Tout le monde connaît la phrase de la seconde épître aux Corinthiens : « La lettre tue, mais l’esprit vivifie. » (3/6) De même on sait le proverbe oriental : « Quand on montre la lune du doigt, l’imbécile regarde le doigt. » La question semble donc close.
Pourtant elle ne l’est pas. J’ai revu dans la soirée de samedi dernier, sur Arte, l’émission Naufragés des Andes : des rescapés uruguayens dont l’avion s’est écrasé dans la cordillère des Andes, en 1972, abandonnés pendant 72 jours, n’ont pu réussir à survivre qu’en prélevant de la viande sur les corps morts de leurs compagnons d’infortune, brisant un tabou majeur pour nous, le cannibalisme.
La presse s’en étant ensuite émue, ils ont fait référence à l’eucharistie chrétienne. C’est un fait que le Christ s’y donne lui-même à manger à ses disciples : « Prenez, mangez, ceci est mon corps… » (Matthieu 26/26). Même si dans d’autres versions le « mangez » ne figure pas (rajouté parfois en Marc 14/22, absent en Luc 22/19), ce qui montre encore l’hésitation des rédacteurs devant un tel rite païen ou orgiaque d’origine, la version qui s’est imposée, et qui figure d’abord dans la première épître aux Corinthiens (11/24-29), fait de l’eucharistie une manducation sacrée. Elle justifie le nom injurieux de théophages, mangeurs de Dieu, que les réformés appliquèrent aux catholiques.
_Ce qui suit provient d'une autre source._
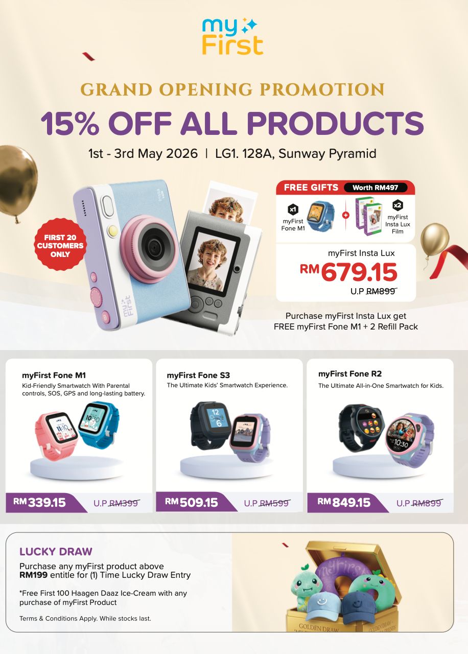 Sebagai meraikan pembukaan ini, sambutan Grand Opening akan berlangsung dari 1 hingga 3 Mei dengan pelbagai aktiviti mesra keluarga. Daripada promosi eksklusif hingga persembahan tarian singa, menjadikan pelancaran ini lebih daripada sekadar acara komersial. Antara tarikan utama termasuk hadiah myFirst Fone M1 untuk pelanggan terawal, diskaun produk, cabutan bertuah serta baucar ais krim Häagen-Dazs, menjadikan pengalaman ini lebih dekat dengan konsep “family day” daripada sekadar membeli-belah.

Heureusement pour eux, ces Uruguayens étaient catholiques. Ils ont dû leur survie à un rite et un dogme qu’ils ont pris au premier degré : la présence réelle sur l’autel sacrificiel de la messe, une fois dites les prières sacramentelles, du corps et du sang du Sauveur, qu’on appelle la transsubstantiation.
S’ils avaient été protestants et surtout réformés, pour qui cette présence n’est que symbolique, ils n’auraient pas pu ainsi se défendre. Seraient-ils morts dans l’aventure ? Il me semble que c’eût été bien dommage.
Il y a donc des cas, certes rares, où le littéralisme s’accorde bien avec la raison, et il faut tirer de tout cela une leçon de salutaire tolérance.
... Au reste, les tabous diffèrent selon les pays. À la fin du Satyricon de Fellini, un homme riche laisse sa fortune à ceux qui accepteront de manger son cadavre : réprobation d’abord chez les assistants, puis hésitation, et enfin acceptation pour certains. Cela donne beaucoup à réfléchir.
On connaît aussi le cas des Parsis de l’Inde, chez qui il est d’usage que les cadavres des adeptes ne soient ni enterrés ni brûlés, mais soient exposés à l’air libre pour être dévorés par les oiseaux. Or ces derniers ne valent-ils pas autant que les vers ?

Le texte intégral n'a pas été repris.